Di là dalla barricata

Ora siamo di qua, ora siamo di là. Capita spesso di giocare, nella medesima situazione, ruoli diametralmente opposti. Sulla scacchiera il bianco e il nero, in amore il tradito e l’adultero, sul bus il giovane e il vecchio, ai giardini… Be’, ai giardini… E’ stato qualche settimana fa che mi sono accorto di essere passato dall’altra parte della barricata.

Vi ricordate? Quando la mamma vi porta ai giardini ma vi dice di non andare laggiù perché laggiù c’è brutta gente. Ci sono i drogati. E questi fantomatici drogati ti affascinano: chissà che fanno? Dopotutto, da bambini il pericolo è il nostro pane. E la sera, con i genitori non passavate mai dai giardini, perché allora sì che ce n’erano, di drogati. E’ pericoloso.

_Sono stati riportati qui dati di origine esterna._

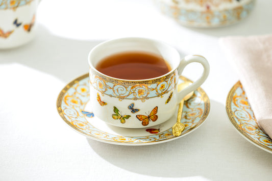 Butterflies with Blue Ornament Fine Porcelain Cup and Saucer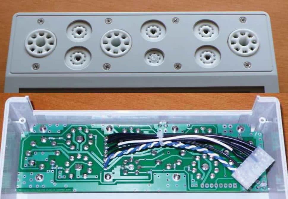 Przed montażem płytki, należy w obudowie wytrasować punkty pilotujące pod podstawki, wykorzystując do tego otwory mocujące płytkę oraz umieszczone centrycznie w każdej podstawce otwory 1 mm. Najlepiej w tym celu ułożyć płytkę na obudowie, nawiercić dwa skrajne otwory M3, przykręcić płytkę do obudowy i pozostałe otwory wywiercić małą wiertarką do płytek drukowanych. Następnie płytkę odkręcić i rozwiercić otwory do wymaganych średnic. Po tej czynności, należy wlutować elementy SMD i podstawki pod lampy. Należy jednak przylutować tylko po dwa skrajne piny, aby podstawki nie wypadały z płytki, wkręcić w otwory kołki dystansowe o długości 8…10 mm. Tak przygotowana płytkę należy zamocować do obudowy oraz skorygować położenie podstawek, tak aby były w jednej płaszczyźnie z obudową. Jeżeli wszystko pasuje i nie wymaga dalszych korekt, można przylutować wszystkie nóżki podstawek lamp. Następnie, krótkimi odcinkami przewodu izolowanego, łączymy złącze J z gniazdami bananowymi, przewidzianymi do wyprowadzenia napięć z miernika. Do złącza J0 należy dolutować wiązkę przewodów zakończoną wtykiem KK10_396 doprowadzoną do płyty głównej miernika. W górnej części płytki przewidziano złącze 6,3 mm służące do połączenia masy miernika z przewodem ochronnym sieci, które należy bezwzględnie dołączyć do styku ochronnego gniazda zasilania.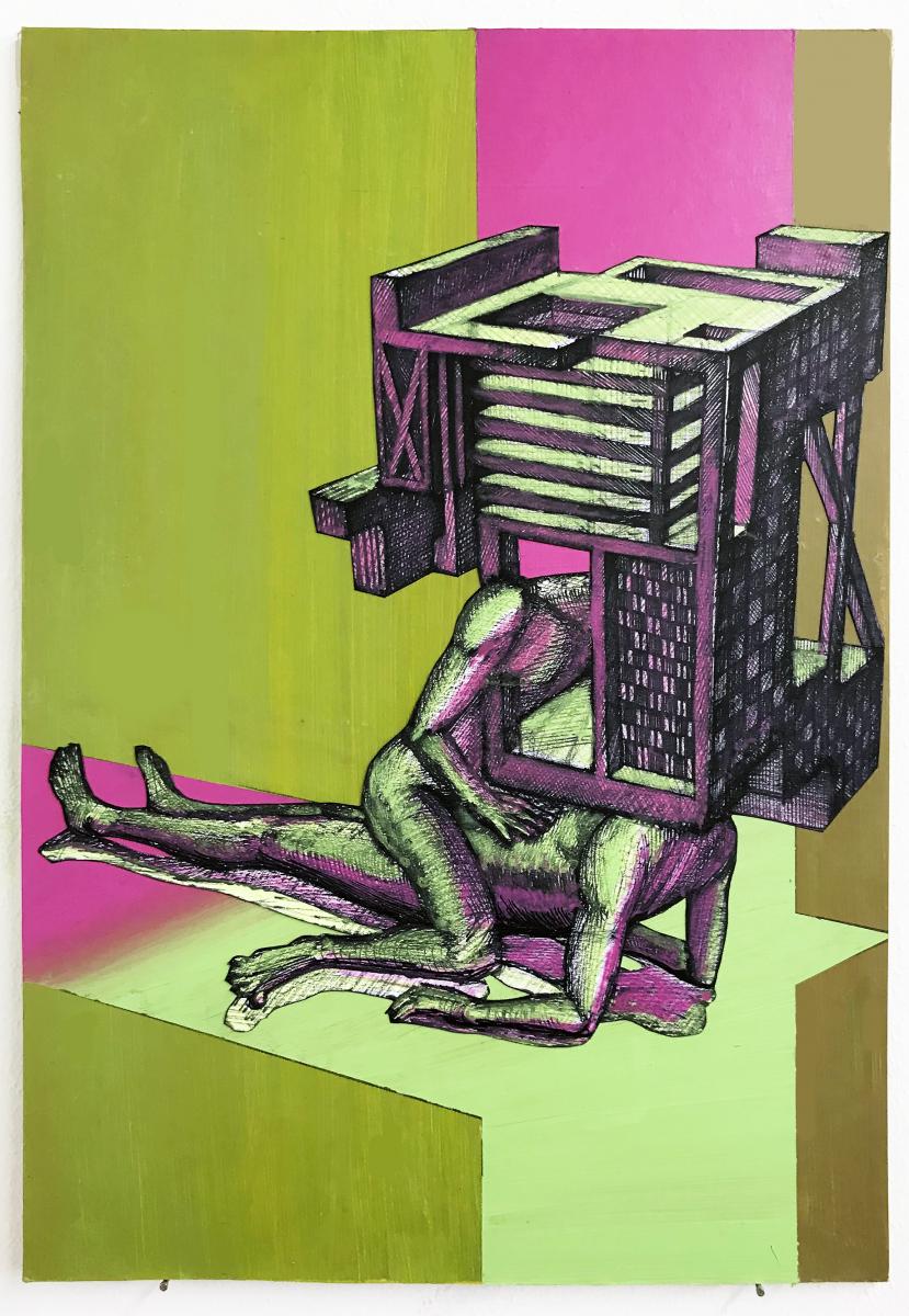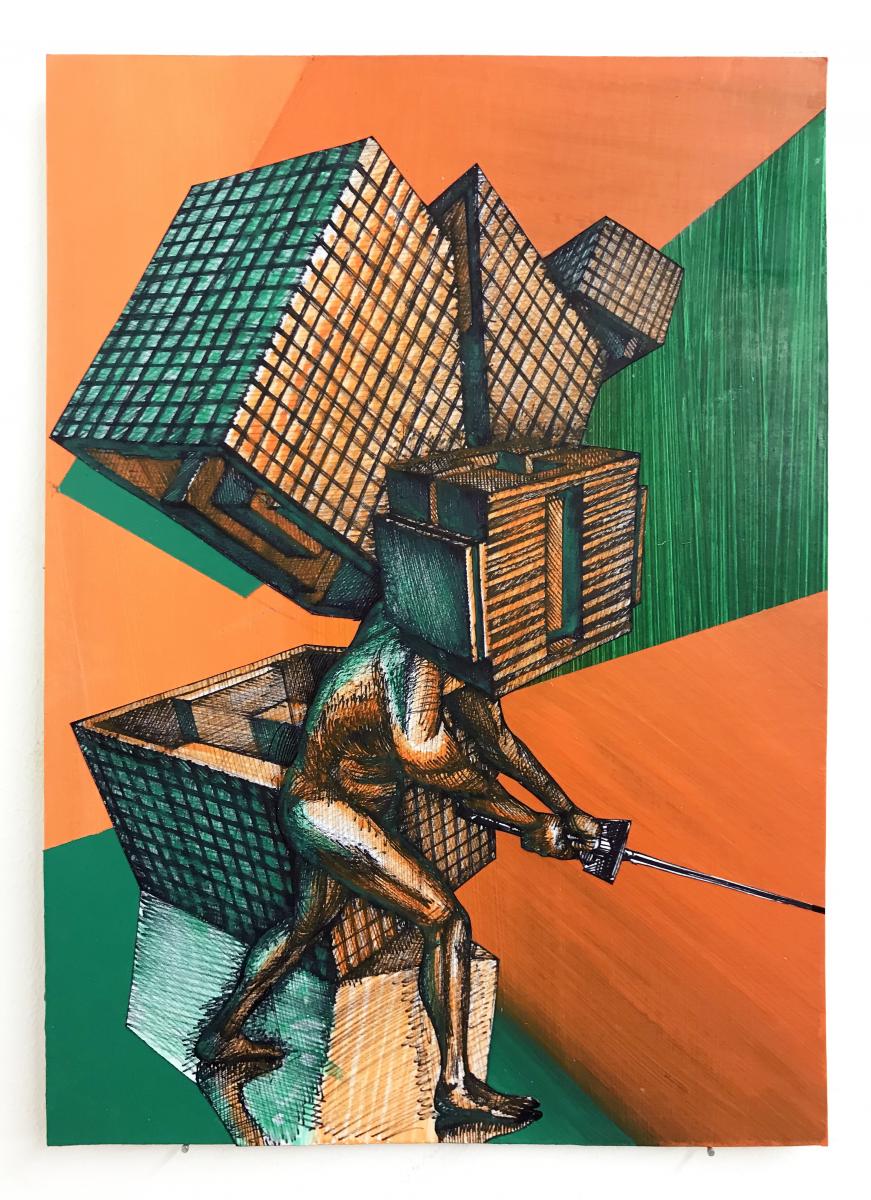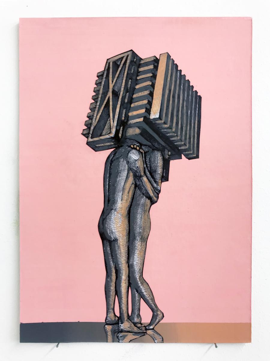 Commenta Min: “Durante i giorni della pandemia ho lavorato sul mio stato d’animo ansioso e inquieto. Il risultato sono uomini soli e isolati, che cercano di fare le cose consuete come camminare, abbracciarsi, lavorare, ma in realtà si sono trasformati essi stessi in edifici. Una trasformazione che pesa come un macigno sulle loro azioni quotidiane. Un tema, quello dell’individuo che si isola e viene isolato, tipico della produzione di Joonhong Min anche se solitamente questo avviene a causa della feroce competizione nella società contemporanea”. Continua l’artista, “L’atto di disegnare continuamente è il modo con cui sospendo temporaneamente l’ansia. Raccogliendo anche in strada quello che non è stato utilizzato, abbraccio ciò che è rimasto indietro in questa competizione moderna, sia che si tratti di oggetti, sentimenti o individui”.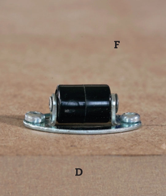 Lådbottnen F sätts fast på sidorna E och bakstycket D med lim och skruvar. När sidor och bakstycke justeras längs kanten på lådbottnen hamnar de automatiskt i rät vinkel.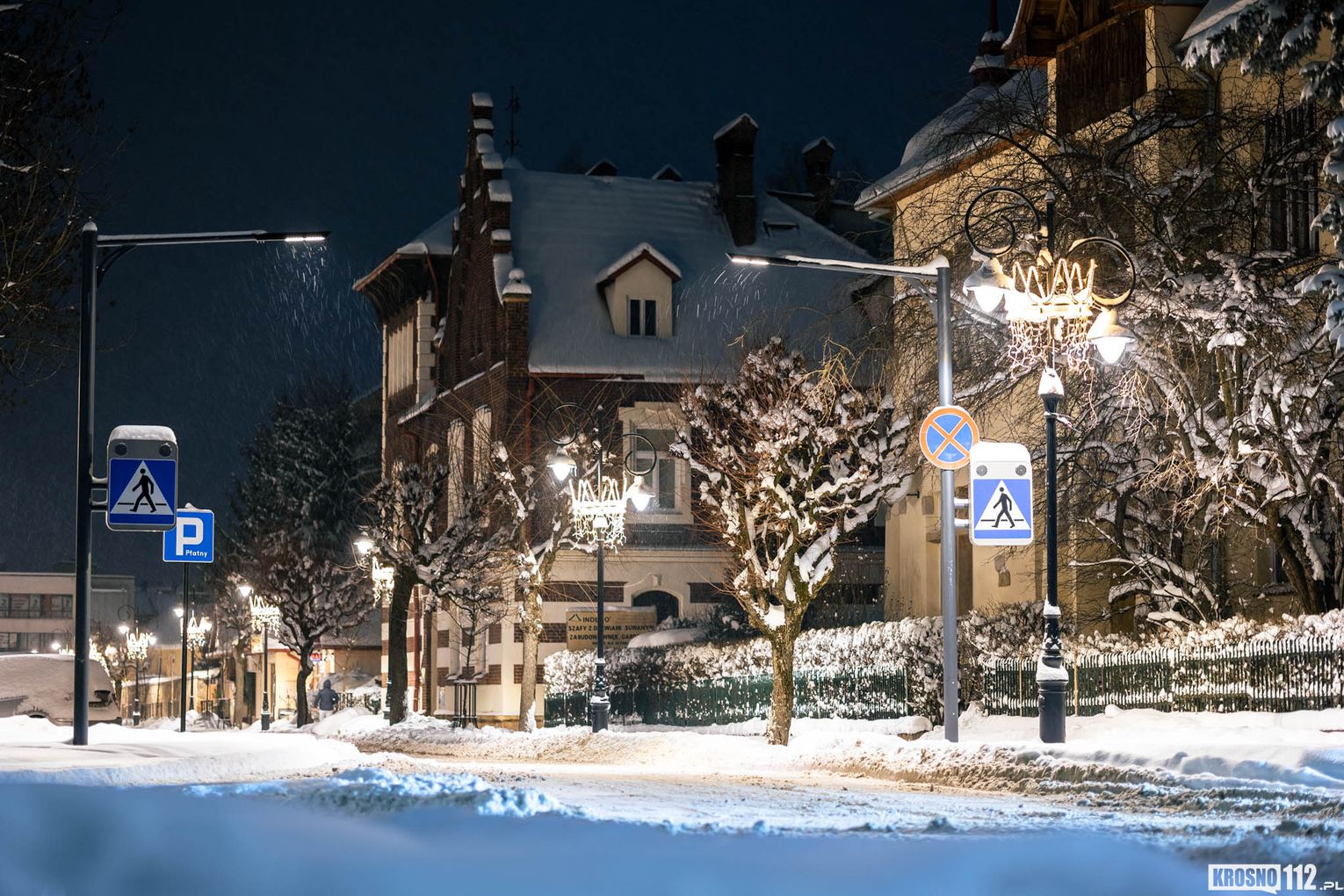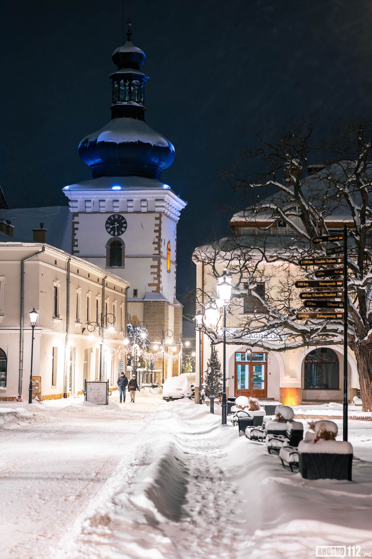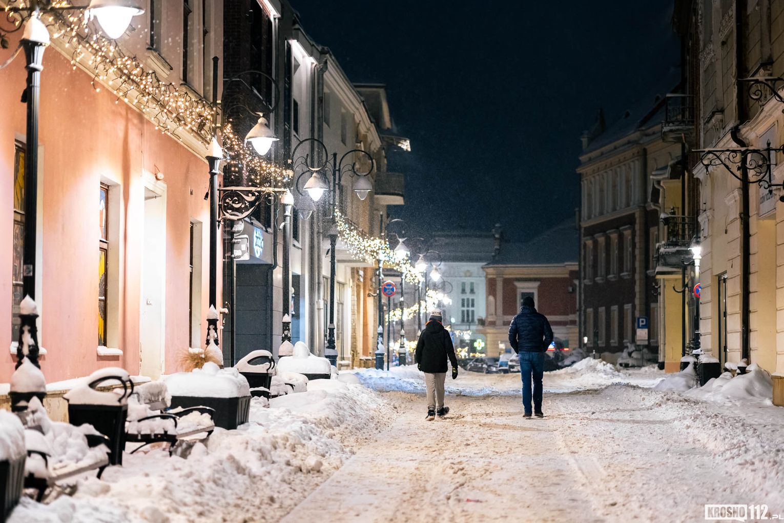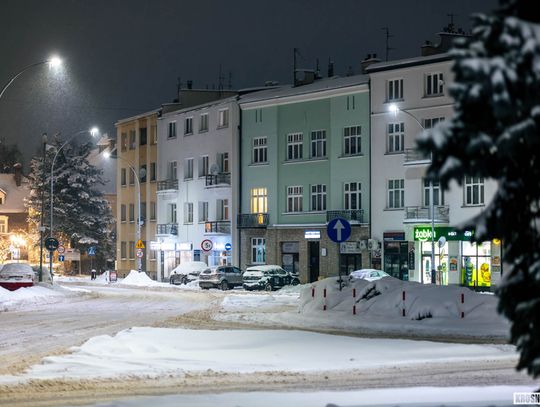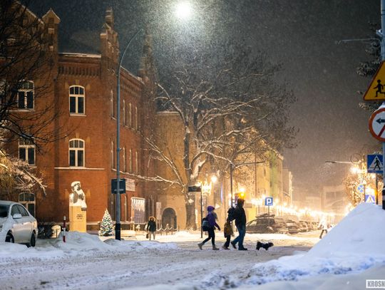 Fotografie pokazują Krosno z zupełnie innej perspektywy – ciche, spokojne ulice przykryte grubą warstwą śniegu, oszronione drzewa w parkach, rynek skąpany w zimowym półmroku oraz panoramy miasta widziane przez zimową mgłę. Kadry oddają zarówno surowość zimowej aury, jak i jej nieoczywiste piękno.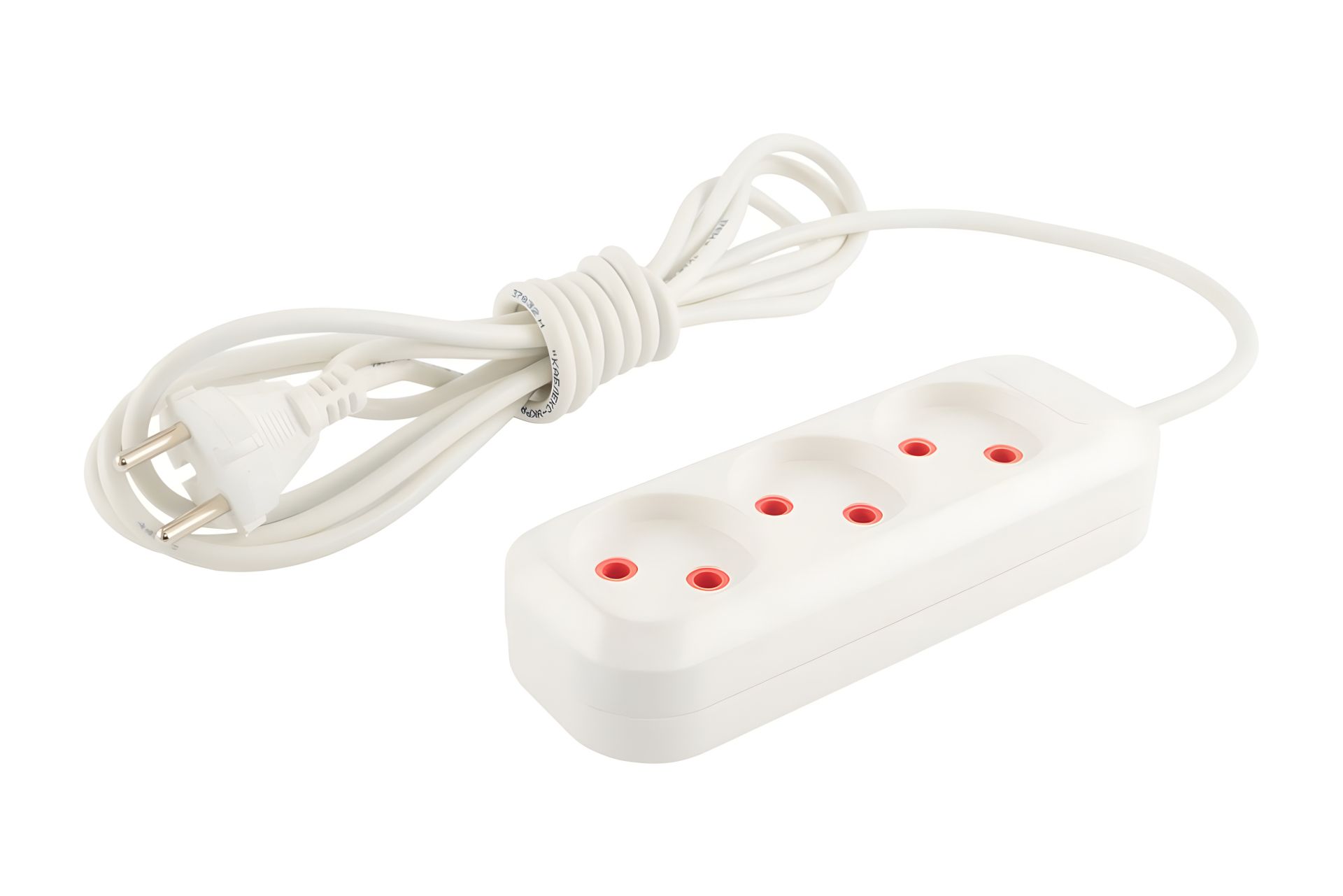 Подовжувач на 3 розетки, 3 м, 2х1.0 мм², 10 А, 250 V MASTERTOOL 94-0055

Poi, un decennio e qualche anno dopo, ti ritrovi ai giardini. Sei coi tuoi amici, una bottiglia di vino – qualcuno porta qualcosa di più – e qualche pacchetto di sigarette. Sono le ultime belle giornate dell’anno, o le prime. Insomma, i periodi in cui davvero si ha voglia di erba, di sole, della brezza tiepida da sud, della leggera ombra degli ulivi. Si ascolta un po’ di musica classica e si parla, senza problemi. A una decina di metri, però, vedi le madri dei bambini giocanti che ti guardano in cagnesco. Fanno catenaccio.

I bimbi non hanno nulla contro di te: si stanno godendo la bella giornata come voi. Quasi quasi, se si avvicinassero, faresti due tiri a pallone con loro. E ti accorgi che la psicologia del drogato da giardino non sempre è così malvagia come la si dipinge, perché adesso tu sei un drogato da giardino – e proprio malvagio non sei. Certo, forse senza quei bambini staresti ancora più tranquillo, ma anche se sei davvero poco lucido, la risata di un bambino resta il suono più dolce al mondo, più dolce di Schubert, ed è bello ascoltarlo. E ti verrebbe da andare da quelle madri, a dire loro biascicando un po’ le parole: “Guardate, io studio giurisprudenza. Dopotutto sono una persona rispettabile. Vi volevo ringraziare di aver messo al mondo delle tali meraviglie, che sono il nostro futuro. E vi prego, non guardatemi così: quando avevate vent’anni non le facevate anche voi, certe cose? E credete che i vostri figli non le faranno?” Per poi tornare barcollando a distenderti al sole, conscio che oggi sei di qua, domani sei di là dalla barricata.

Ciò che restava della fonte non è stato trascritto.